Afghanistan seems heading towards a bloodier and messier future until one of the two contending parties, US or Taliban, win
In the first week of December, US President Trump wrote a letter to Prime Minister Imran Khan in which he sought Pakistan’s help to bring Taliban to peace negotiation. The New York Times, on the authority of an unidentified American official, carried that the letter also made it clear that Pakistani help was "fundamental" to rectifying bilateral relations.
In November, Trump, in an interview with Fox News Sunday, defended his decision to stop releasing hundreds of millions of dollars in security aid to Pakistan citing the country’s complicity in sheltering Taliban and Osama bin Laden until the latter was killed in an American military raid back in 2011. In the history of Pakistan-US relations, perhaps for the first time Washington suspended a $4.3 million loan way back in August 1963 against the backdrop of an air agreement between Islamabad and Beijing.

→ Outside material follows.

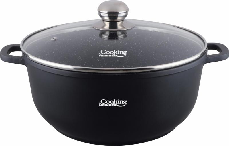 Cooking by Heinner Dark Line Alumínium fazék fedővel, indukció, 28x12.5 cm, 6.5 L Belső tér: kerámia, külső, magas hőmérsékletnek ellenálló festék, fekete. Alkalmas alap az indukcióhoz; Alumínium fogantyúk levehető szilikonvédelemmel. A termékek öntött alumíniumból készülnek tapadásmentes kerámia bevonattal, fekete márványból, ezáltal a termék hosszabb ideig megő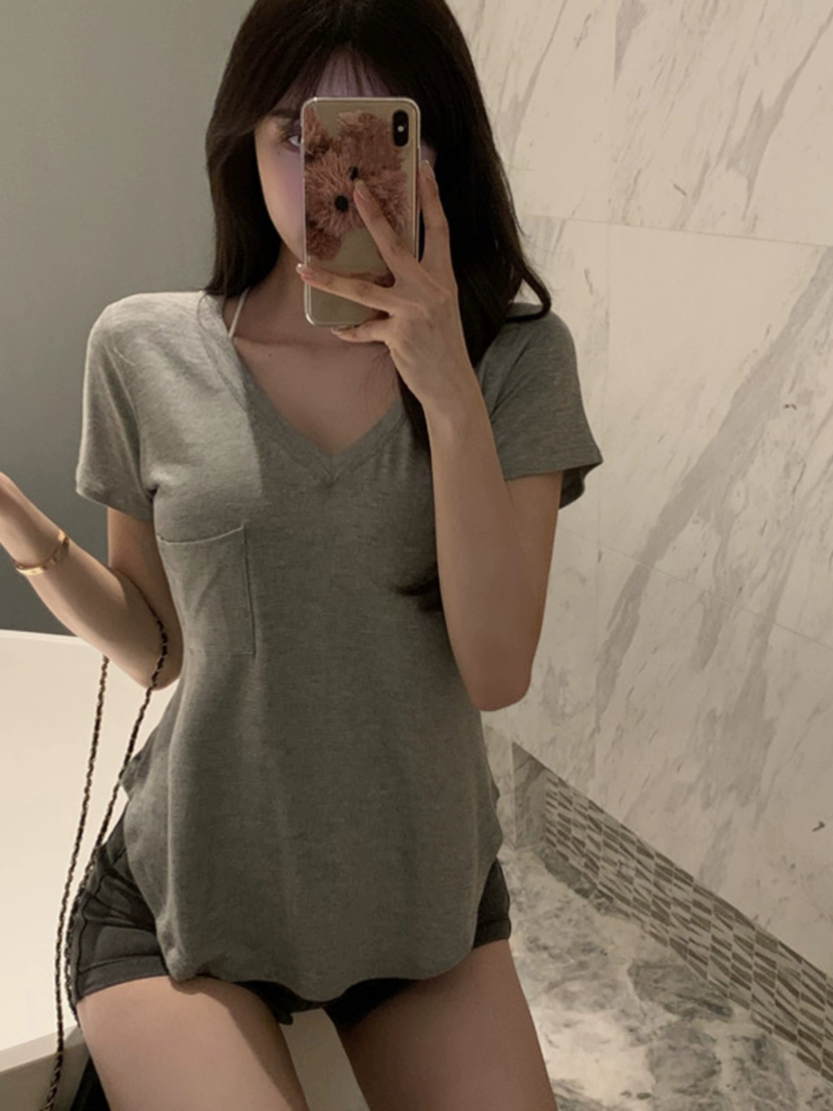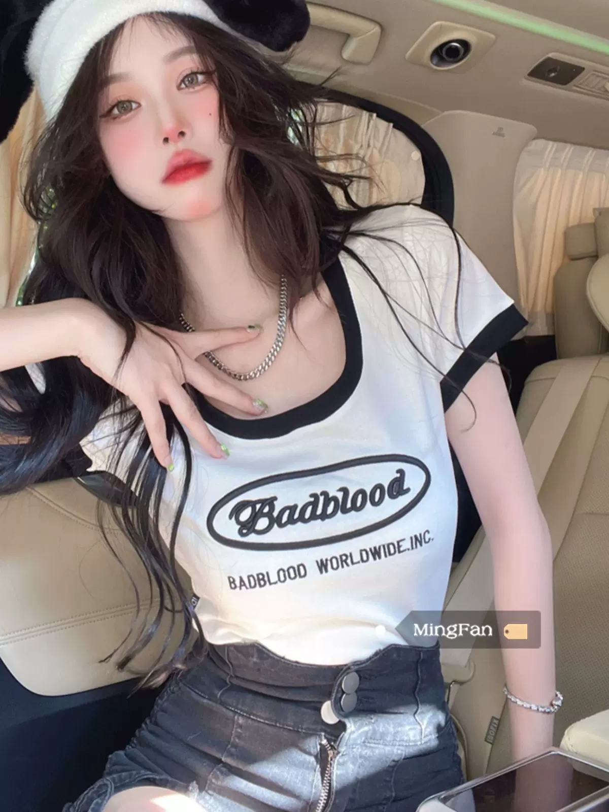 辣妹纯欲短袖t恤女2023夏季新款白色莫代尔正肩v领上衣女锁骨体恤

Lt Gen Kenneth McKenzie, the next chief of the US Central Command (Centcom), was skeptical of Pakistan hitherto role in the Afghan reconciliation process while responding to the US Senate Armed Services Committee. On December 7, the Centcom chief said: "Pakistan does not appear to be using the full extent of its influence to encourage the Taliban to come to the table". What is consistent in the US official position on the Afghan quagmire has been to point the finger at Pakistan. "We continue to see the Taliban being utilised as a hedge against India rather than as part of a stable, reconciled Afghanistan," he maintained.
Pakistan’s importance in the peace process emanates from its alleged influence with Taliban and that the US is mainly reliant on Pakistan for logistics of war in Afghanistan. American military flights, fuel and food supplies go through either Pakistani airspace or its roads and rails. For the US, there is no equivalent alternative to reroute these supplies as the Northern Distribution Network, passing through Central Asia, largely depends upon the Russian consent. Moscow’s willingness to cooperate is something that can’t be assured of. This catches Washington between the devil and the deep blue sea.
Pakistan blocked NATO supply trucks, 5,000 of which passed through it a month, in the wake of a US aerial bombardment that killed 24 Pakistani soldiers in November 2011. It took seven months of tough negotiation which included an apology from the then US Secretary of State Hillary Clinton that Pakistan restored NATO traffic. During these months, NATO reoriented its traffic to northern route that incurred an additional $100 million a month.
Besides, the route is precarious and passes through tough terrain, fraught with puddles, dirt gorges and mud traps. The route also includes dilapidated Soviet-built one-and-half mile long Salang tunnel cutting through Hindukush at a height of 11,200ft. The tunnel was constructed back in 1964.
The US keenness to advance Afghan peace is prompted by the ground realities in Afghanistan. The US has spent more than $840 billion in Afghanistan since 2001 while fighting Taliban, al Qaeda and others of their ilk, and paying for reconstruction and relief in the county. It could not be worse in terms of what has been lost.
Afghanistan is plunging into an abyss of Taliban control. By May 16, 2018, according to the Long War Journal, the Islamist militia either controlled or contested 61 per cent of districts in Afghanistan, a finding that contradicted US government’s report by Special Inspector General for Afghanistan Reconstruction (SIGAR) on May 15, 2018 which claimed that Taliban either controlled or contested 44 per cent of districts in the country. The American loss is Taliban’s gain in the zero sum game played in the Afghan theatre of war.
Given their victories on the ground, Taliban are now sure of overrunning the country than they ever were. They consider the Afghan government as American puppet and would only enter into negotiation with the US government which they see as the only real authority in Afghanistan to talk to.
In his meeting with Imran Khan and other Pakistani officials, US Special Representative for Afghanistan Reconciliation Zalmay Khalilzad must have struck where Pakistan has been most vulnerable since its inception. Pakistan can only enjoy American largesse if it cooperates and bring Taliban back to negotiation, the envoy might have communicated to his Pakistani interlocutors.
Which direction will Afghanistan be headed to? Apparently, Pakistan might not be having the same level of influence with Taliban which it used to have when the militia hardly controlled any area in Afghanistan. Even if it enjoyed any influence why would Islamabad ask Taliban, seen as Pakistan proxies, to settle for less than the complete occupation of Afghanistan, a prospect which Taliban are nearly certain of.
Besides, the militia has long stipulated the complete pullout of NATO forces as a prerequisite to ending the war. The United States is not in a mood of humiliating withdrawal either. As indicators point to, Afghanistan is heading towards a bloodier and messier future until one of the two contending parties, US or Taliban, win. As of now, history is on the side of Taliban!